Task requirements
Stop at the line that contains "This serene landscape". Until then, set down each line of the records exactly, beginning with the first, and skip pictures.

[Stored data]

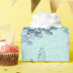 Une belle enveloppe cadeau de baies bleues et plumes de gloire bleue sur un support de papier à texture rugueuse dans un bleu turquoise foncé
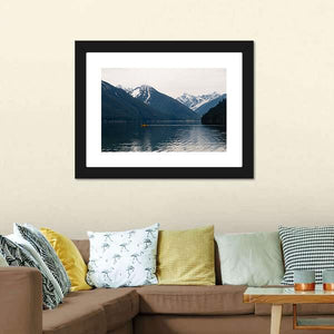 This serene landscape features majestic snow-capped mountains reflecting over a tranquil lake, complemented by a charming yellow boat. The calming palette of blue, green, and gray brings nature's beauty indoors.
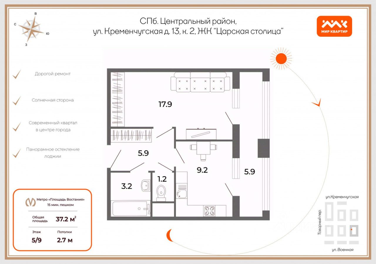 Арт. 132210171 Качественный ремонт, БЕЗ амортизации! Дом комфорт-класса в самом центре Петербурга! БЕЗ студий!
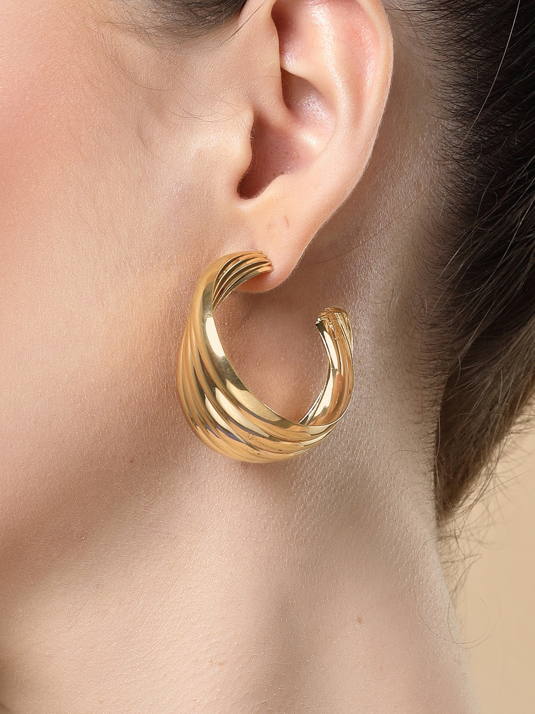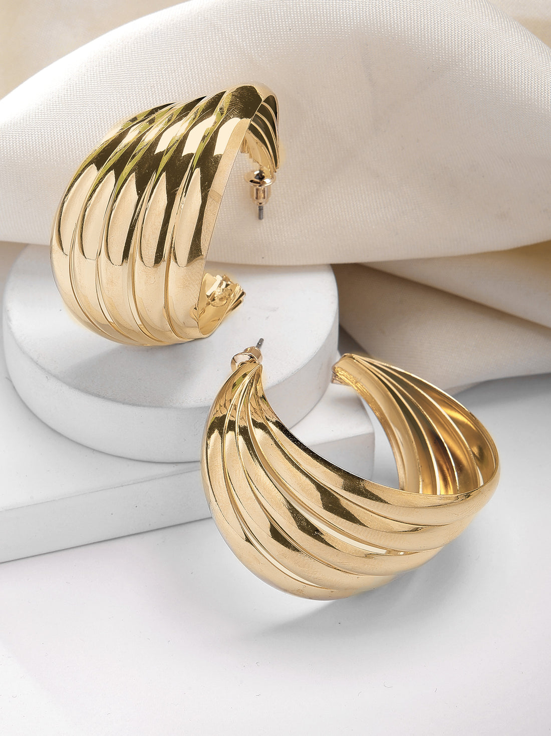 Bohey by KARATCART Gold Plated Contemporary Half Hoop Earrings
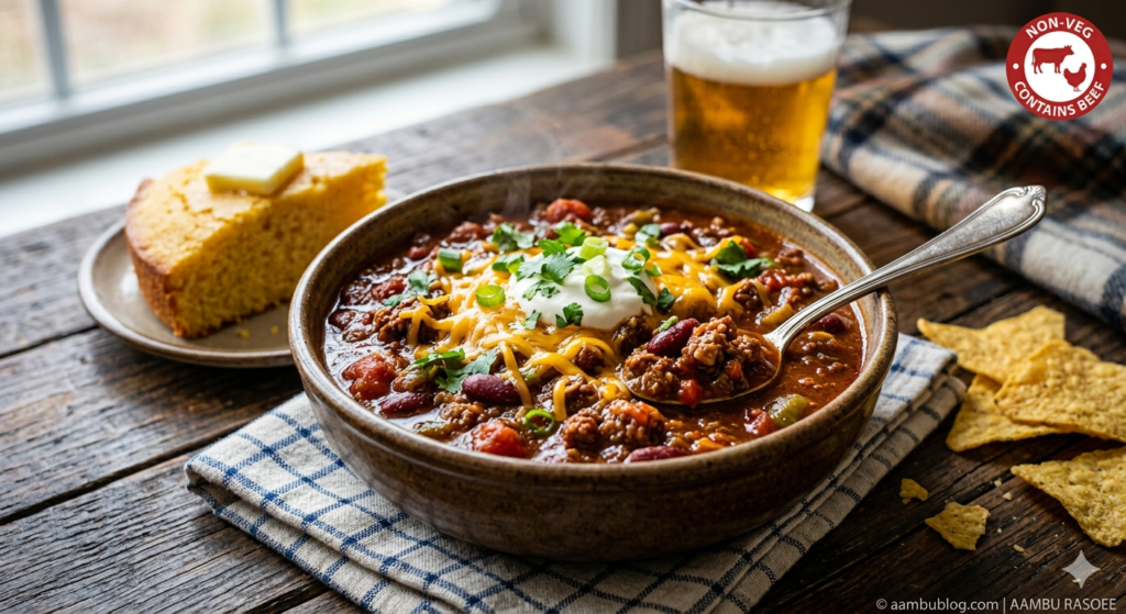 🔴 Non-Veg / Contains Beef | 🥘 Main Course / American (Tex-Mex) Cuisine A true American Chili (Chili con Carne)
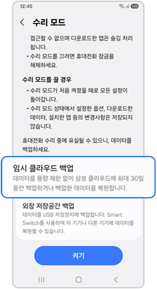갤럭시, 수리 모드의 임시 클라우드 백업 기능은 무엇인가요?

Answer box
 Une belle enveloppe cadeau de baies bleues et plumes de gloire bleue sur un support de papier à texture rugueuse dans un bleu turquoise foncé
 This serene landscape features majestic snow-capped mountains reflecting over a tranquil lake, complemented by a charming yellow boat. The calming palette of blue, green, and gray brings nature's beauty indoors.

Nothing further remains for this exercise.